Development of Long-Acting Injectable Ketamine Loaded PLGA Microparticles as a Non-opioid Analgesic

Abstract

Background/Objective: Ketamine, a psychedelic, is a noncompetitive N-methyl-D-aspartate receptor antagonist that may also bind to mu opioid receptors.  Historically, it has been used as an anesthetic (Ketalar^Ò), although now has found uses as a novel, quick acting, antidepressant for treatment-resistant depression (Spravator^Ò) and could be used as an adjuvant to opioid analgesia providing opioid-sparing effects.  One major advantage over opioids is Ketamine does not suffer from respiratory depression and maintains patent airways during anesthesia.  Ketamine is only available as a short-acting injectable solution or a nasal spray. Our goal is to develop a long-acting injectable form in a biodegradable matrix poly(lactic-co-glycolic) acid (PLGA) that does not have a burst release and provides 5-7 days of steady-state plasma levels. 

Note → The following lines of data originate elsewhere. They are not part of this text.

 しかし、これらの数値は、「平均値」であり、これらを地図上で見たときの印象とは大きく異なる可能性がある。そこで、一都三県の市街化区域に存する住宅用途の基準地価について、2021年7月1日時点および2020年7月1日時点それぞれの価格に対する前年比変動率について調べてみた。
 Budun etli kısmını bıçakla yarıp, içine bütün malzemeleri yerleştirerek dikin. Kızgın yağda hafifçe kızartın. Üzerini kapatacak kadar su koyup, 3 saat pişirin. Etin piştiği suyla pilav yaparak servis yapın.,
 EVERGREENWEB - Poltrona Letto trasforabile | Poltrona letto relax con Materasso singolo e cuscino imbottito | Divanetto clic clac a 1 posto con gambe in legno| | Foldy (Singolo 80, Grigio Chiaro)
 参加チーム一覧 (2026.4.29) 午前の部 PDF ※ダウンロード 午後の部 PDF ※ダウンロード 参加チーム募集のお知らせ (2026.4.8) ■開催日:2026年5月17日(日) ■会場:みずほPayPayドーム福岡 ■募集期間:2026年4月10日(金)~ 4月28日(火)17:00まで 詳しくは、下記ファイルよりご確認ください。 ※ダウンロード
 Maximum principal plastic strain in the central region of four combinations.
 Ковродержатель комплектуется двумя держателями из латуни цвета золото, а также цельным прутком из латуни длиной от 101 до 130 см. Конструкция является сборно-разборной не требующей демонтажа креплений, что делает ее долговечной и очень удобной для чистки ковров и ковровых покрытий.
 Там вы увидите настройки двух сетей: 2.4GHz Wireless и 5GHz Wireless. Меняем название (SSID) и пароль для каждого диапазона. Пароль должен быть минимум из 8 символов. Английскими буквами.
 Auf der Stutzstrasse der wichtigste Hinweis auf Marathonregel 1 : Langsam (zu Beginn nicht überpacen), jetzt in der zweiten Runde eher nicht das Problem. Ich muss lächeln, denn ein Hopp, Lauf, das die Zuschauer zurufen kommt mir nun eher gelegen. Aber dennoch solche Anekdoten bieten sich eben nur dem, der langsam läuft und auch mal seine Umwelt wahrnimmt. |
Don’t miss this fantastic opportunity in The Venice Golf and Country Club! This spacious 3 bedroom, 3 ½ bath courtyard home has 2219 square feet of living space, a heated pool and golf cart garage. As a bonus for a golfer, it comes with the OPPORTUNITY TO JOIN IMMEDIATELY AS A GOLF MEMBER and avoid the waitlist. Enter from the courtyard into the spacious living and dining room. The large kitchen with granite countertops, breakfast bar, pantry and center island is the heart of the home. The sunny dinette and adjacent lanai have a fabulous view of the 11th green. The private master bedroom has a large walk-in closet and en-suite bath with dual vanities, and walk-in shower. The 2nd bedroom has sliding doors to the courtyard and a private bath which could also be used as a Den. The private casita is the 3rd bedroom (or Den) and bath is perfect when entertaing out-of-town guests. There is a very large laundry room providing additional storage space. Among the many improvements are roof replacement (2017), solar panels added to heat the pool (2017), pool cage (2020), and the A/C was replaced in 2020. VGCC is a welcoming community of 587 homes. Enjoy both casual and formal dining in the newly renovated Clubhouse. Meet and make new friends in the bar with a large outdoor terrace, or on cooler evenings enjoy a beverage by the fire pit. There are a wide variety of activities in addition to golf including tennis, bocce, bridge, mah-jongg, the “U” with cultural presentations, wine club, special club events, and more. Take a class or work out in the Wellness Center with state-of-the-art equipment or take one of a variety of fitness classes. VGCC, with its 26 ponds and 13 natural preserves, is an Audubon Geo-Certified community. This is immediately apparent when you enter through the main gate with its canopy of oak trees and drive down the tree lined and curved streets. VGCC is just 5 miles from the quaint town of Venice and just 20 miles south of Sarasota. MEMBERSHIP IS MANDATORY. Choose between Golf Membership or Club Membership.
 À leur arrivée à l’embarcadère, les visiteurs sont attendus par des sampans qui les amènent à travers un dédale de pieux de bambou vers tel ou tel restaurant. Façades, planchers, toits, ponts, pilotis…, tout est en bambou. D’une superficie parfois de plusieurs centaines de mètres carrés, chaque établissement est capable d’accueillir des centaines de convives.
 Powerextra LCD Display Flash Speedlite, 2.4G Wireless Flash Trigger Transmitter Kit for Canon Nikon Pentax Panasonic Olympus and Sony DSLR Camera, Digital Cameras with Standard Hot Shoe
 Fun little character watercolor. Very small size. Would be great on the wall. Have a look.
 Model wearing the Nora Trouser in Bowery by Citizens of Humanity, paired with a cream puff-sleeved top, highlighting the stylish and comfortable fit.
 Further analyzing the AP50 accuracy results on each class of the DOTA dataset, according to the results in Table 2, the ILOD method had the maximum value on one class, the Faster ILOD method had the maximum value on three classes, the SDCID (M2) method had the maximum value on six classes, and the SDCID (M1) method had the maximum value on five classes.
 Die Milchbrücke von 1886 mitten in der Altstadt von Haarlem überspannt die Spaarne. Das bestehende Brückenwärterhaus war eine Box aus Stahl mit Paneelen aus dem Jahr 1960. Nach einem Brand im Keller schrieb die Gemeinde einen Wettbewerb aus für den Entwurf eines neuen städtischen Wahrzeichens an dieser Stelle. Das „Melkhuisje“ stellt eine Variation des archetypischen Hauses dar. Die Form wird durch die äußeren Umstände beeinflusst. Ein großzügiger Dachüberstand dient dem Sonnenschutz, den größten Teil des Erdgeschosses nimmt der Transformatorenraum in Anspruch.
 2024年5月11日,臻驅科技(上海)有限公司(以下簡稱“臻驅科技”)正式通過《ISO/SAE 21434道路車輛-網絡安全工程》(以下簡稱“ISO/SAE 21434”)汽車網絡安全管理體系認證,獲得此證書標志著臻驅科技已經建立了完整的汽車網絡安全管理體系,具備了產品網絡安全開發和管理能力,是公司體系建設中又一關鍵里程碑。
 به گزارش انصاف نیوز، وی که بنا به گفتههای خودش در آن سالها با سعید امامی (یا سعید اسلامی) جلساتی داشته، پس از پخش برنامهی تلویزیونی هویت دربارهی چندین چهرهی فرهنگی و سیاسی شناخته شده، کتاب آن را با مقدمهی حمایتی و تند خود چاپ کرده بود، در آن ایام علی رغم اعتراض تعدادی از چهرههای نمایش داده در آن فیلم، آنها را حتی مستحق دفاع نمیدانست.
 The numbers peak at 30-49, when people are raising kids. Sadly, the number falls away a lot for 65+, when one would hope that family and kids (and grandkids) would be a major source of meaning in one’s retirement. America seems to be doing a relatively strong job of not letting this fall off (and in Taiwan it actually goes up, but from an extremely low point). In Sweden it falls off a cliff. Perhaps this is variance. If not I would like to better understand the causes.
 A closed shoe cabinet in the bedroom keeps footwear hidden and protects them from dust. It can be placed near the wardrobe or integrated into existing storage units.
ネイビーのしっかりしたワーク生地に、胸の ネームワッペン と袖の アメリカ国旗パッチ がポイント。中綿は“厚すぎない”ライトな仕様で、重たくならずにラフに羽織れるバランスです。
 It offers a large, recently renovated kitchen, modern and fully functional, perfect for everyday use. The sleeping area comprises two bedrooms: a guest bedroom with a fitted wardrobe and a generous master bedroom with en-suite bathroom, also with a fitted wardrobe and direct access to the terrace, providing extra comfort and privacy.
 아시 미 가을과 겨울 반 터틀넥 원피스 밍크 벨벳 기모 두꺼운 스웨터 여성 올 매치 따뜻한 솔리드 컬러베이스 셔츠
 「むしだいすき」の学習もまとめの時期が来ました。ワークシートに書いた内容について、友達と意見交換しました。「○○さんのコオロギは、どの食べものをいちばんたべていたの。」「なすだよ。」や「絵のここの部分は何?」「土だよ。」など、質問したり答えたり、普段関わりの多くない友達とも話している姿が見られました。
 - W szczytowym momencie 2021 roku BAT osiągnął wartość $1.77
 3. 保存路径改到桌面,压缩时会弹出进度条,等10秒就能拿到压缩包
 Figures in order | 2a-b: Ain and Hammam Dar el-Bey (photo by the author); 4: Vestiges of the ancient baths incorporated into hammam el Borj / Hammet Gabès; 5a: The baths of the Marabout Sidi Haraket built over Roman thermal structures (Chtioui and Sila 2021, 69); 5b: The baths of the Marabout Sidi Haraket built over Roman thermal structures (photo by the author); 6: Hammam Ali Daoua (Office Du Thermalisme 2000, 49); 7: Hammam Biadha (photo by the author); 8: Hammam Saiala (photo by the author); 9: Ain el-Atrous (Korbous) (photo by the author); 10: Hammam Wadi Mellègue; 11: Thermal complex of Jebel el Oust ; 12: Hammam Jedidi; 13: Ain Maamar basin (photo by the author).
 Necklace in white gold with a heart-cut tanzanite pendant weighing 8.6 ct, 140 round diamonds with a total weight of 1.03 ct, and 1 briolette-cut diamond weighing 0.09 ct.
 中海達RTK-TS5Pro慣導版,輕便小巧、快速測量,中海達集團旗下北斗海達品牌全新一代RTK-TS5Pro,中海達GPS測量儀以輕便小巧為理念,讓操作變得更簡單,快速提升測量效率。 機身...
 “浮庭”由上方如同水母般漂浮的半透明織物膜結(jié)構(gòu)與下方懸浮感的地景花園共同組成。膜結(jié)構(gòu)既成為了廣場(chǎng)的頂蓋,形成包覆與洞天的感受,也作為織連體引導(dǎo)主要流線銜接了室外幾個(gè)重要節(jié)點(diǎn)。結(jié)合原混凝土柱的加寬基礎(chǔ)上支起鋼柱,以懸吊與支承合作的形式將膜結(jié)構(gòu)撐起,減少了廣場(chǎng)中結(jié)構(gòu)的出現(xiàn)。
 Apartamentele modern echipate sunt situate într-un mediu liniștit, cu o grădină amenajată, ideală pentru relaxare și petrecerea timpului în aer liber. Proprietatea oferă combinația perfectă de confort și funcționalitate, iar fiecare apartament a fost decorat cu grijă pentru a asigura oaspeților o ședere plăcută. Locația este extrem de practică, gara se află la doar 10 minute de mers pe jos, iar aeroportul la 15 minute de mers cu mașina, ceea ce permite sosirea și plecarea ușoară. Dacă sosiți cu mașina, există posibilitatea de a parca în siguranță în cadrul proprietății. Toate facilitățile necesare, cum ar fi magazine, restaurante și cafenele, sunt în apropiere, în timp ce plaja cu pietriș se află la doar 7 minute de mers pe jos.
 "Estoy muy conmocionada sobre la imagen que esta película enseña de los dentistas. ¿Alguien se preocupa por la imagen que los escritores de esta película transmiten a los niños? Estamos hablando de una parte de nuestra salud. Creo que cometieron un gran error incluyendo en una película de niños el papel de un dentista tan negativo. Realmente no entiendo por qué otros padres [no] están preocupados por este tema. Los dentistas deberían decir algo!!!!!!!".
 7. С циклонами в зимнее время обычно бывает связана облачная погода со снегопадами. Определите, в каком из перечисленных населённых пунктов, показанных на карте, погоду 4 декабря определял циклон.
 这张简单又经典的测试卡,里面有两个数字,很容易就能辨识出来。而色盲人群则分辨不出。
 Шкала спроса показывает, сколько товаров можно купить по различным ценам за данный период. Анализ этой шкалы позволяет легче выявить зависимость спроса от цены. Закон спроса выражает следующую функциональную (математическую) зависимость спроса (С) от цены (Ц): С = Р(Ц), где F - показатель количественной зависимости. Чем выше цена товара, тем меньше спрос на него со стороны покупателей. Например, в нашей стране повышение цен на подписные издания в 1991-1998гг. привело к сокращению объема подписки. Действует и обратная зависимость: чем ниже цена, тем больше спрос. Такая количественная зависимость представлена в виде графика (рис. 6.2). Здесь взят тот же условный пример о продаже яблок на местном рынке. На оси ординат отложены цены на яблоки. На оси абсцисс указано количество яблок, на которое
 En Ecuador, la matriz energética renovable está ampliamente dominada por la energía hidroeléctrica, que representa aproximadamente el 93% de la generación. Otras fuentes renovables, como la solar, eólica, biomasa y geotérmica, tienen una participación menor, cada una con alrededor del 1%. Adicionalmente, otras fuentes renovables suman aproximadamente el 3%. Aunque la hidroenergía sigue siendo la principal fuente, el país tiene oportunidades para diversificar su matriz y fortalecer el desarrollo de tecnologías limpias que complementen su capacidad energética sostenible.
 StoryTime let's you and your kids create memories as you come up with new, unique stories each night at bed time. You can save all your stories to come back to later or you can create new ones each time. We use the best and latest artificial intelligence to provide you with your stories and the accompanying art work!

Methods: A mechanistic approach towards development of a long-acting injectable began with a solubility screen of Ketamine. Based on these results, experiments began with an oil in water emulsification with two theoretical drug loadings (25% and 40%) and two processing conditions – (1) aqueous extraction and (2) aqueous extraction, intermediate drying, and a 25% Ethanol wash.  The formulations were characterized for drug loading, drug release, and crystallinity and imaged using scanning electron microscopy (SEM). 

Results: Minimal differences were noted in the release profiles between formulations. Although, a significant difference was noted between the two processing conditions, where the extra intermediate drying step and 25% ethanol wash resulted in a significant slowing of the drug release rate. 

Conclusion and Implications: The difference in release kinetics is hypothesized to be due to densification of the PLGA matrix, based on the increase in surface roughness/wrinkling in the SEM images, crystallinity increase, and on their respective powder x-ray diffraction patterns.  Our preliminary results demonstrate the feasibility of a longer acting Ketamine using PLGA. Further refinement of these formulations and rodent pharmacokinetic studies will be done in future.